EDIT: Instead of expressing the integral as the imaginary part of another integral, I instead expanded $\sin^{3}(x)$ in terms of complex exponentials and I don't run into problems anymore.

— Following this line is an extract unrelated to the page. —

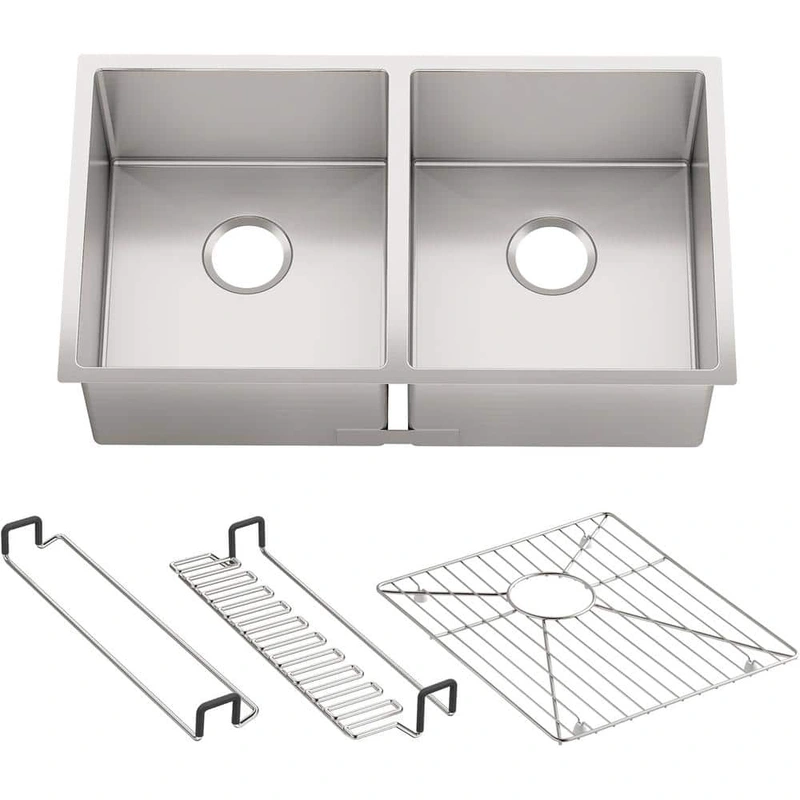 KOHLER Strive 32" Double Bowl Undermount Sink The KOHLER Strive 32" Double Bowl Undermount Sink blends professional style and functionality with premium 16-Gauge stainless steel construction. Designed with sound-absorbing technology, it provides a quieter

\begin{align} \int_{0}^{\infty} \frac{x^{3}-\sin^{3}(x)}{x^{5}} \ dx &= \frac{1}{2} \int_{-\infty}^{\infty} \frac{x^{3}-\sin^{3}(x)}{x^{5}} \ dx \\ &= \frac{1}{2} \ \int_{-\infty}^{\infty} \frac{x^{3}+\frac{1}{8i}(e^{3ix}-3e^{ix}+3e^{-ix}-e^{-3ix})}{x^{5}} \ dx \\ &= \frac{1}{2} \lim_{\epsilon \to 0^{+}} \ \int_{-\infty}^{\infty} \frac{x^{3}+\frac{1}{8i}(e^{3ix}-3e^{ix}+3e^{-ix}-e^{-3ix})}{(x-i \epsilon)^{5}} \ dx \\ &= \frac{1}{2} \lim_{\epsilon \to 0^{+}} \int_{-\infty}^{\infty} \frac{x^{3}+\frac{1}{8i} (e^{3ix}-3e^{ix})}{(x-i \epsilon)^{5}} + \frac{1}{16i} \lim_{\epsilon \to 0^{+}} \int_{-\infty}^{\infty} \frac{3e^{-ix}-e^{-3ix}}{(x-i \epsilon)^{5}} \ dx \end{align}
Then I integrated $ f(z) = \frac{z^{3}+ \frac{1}{8i}(e^{3iz}-3e^{iz})}{(z-i \epsilon)^{5}}$ around the upper half of $|z|=R$ and $ g(z) = \frac{3e^{-iz}-e^{-3iz}}{(z-i \epsilon)^{5}}$ around the lower half of $|z|=R$ and applied Jordan's lemma.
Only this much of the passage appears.